PyTorch: Difference between revisions

PyTorch is a popular machine learning library developed by Facebook

Installation

See PyTorch Getting Started

# If using conda, python 3.5+, and CUDA 10.0 (+ compatible cudnn)
conda install pytorch torchvision cudatoolkit=10.0 -c pytorch

Getting Started

• PyTorch Tutorials

import torch
import torch.nn as nn

# Training
for epoch in range(epochs):
  running_loss = 0.0
    for i, data in enumerate(trainloader, 0):
        # get the inputs; data is a list of [inputs, labels]
        inputs, labels = data

        # zero the parameter gradients
        optimizer.zero_grad()

        # forward + backward + optimize
        outputs = net(inputs)
        loss = criterion(outputs, labels)
        loss.backward()
        optimizer.step()

Importing Data

See Data Loading Tutorial

Usage

torch.meshgrid

Note that this is transposed compared to np.meshgrid.

torch.nn.functional

PyTorch Documentation

F.grid_sample

Doc
This function allows you to perform interpolation on your input tensor.
It is very useful for resizing images or warping images.

Building a Model

To build a model, do the following:

• Create a class extending nn.Module.
• In your class include all other modules you need during init.
  • If you have a list of modules, make sure to wrap them in nn.ModuleList or nn.Sequential so they are properly recognized.
• Write a forward pass for your model.

Multi-GPU Training

See Multi-GPU Examples.

The basic idea is to wrap blocks in nn.DataParallel.
This will automatically duplicate the module across multiple GPUs and split the batch across GPUs during training.

However, doing so causes you to lose access to custom methods and attributes.

nn.parallel.DistributedDataParallel

nn.parallel.DistributedDataParallel
DistributedDataParallel vs DataParallel

The PyTorch documentation suggests using this instead of nn.DataParallel. The main difference is this uses multiple processes instead of multithreading to work around the Python Interpreter.

Memory

Reducing memory usage

• Save loss using .item() which returns a standard Python number
• For non-scalar items, use my_var.detach().cpu().numpy()

• detach() removes the item from the autograd edge.
• cpu() moves the tensor to the CPU.
• numpy() returns a numpy view of the tensor.

When possible, use functions which return new views of existing tensors rather than making duplicates of tensors:

• permute
• expand instead of repeat
• view

Note that permute does not change the underlying data.
This can result in a minor performance hit if you repeatedly use a contiguous tensor with a channels last tensor.
To address this, call contiguous on the tensor with the new memory format.

Classification

In classification, your model outputs a vector of logits.
These are relative scores for each potential output class.
To compute the loss, pass the logits into a cross-entropy loss.

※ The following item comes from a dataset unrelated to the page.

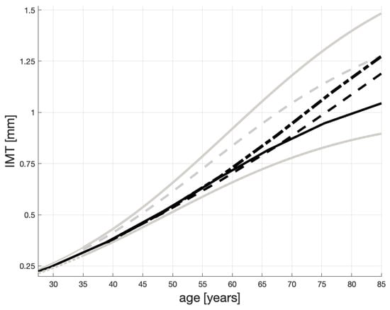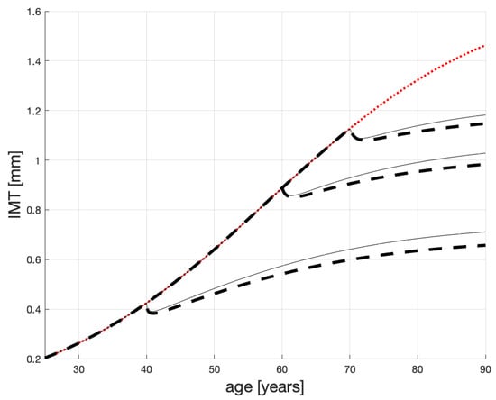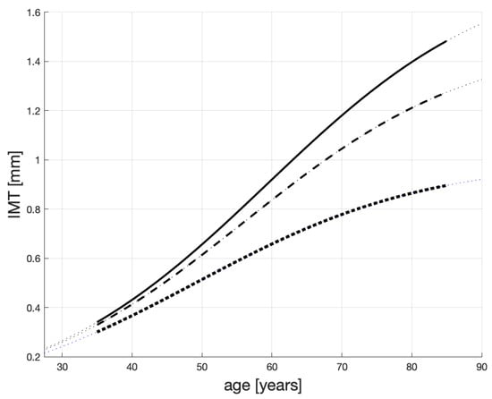The dashed line represents the IMT progression for patients, who are not healthy but not necessarily are “heavy” sufferers. Their plaque increases approximately 0.021 mm/yr between they are 40 and 60 years old and their IMT may reach 1.5 mm. The other parameters are as for the other lines. We contend that the speeds of the IMT growth reported above, and shown in Figure 1, correspond to those reported in [10,54,55]. In particular, the progression of IMT is documented to accelerate exponentially with age to the eighth decade of life, and slowing in the ninth decade of life (see [54,55]). Another study, [10], proposes a linear correlation between IMT and age, which we think cannot apply to the full age domain. To us, all this points to a logistic model.

To compute the accuracy, you can use torch.argmax to get the top prediction or torch.topk to get the top-k prediction.

TensorBoard

See PyTorch Docs: Tensorboard

from torch.utils.tensorboard import SummaryWriter
writer = SummaryWriter(log_dir="./runs")

# Calculate loss. Increment the step.

writer.add_scalar("train_loss", loss.item(), step)

# Optionally flush e.g. at checkpoints
writer.flush()

# Close the writer (will flush)
writer.close()

PyTorch3D

PyTorch3D is a library by Facebook AI Research which contains differentiable renderers for meshes and point clouds.
It is built using custom CUDA kernels and only runs on Linux.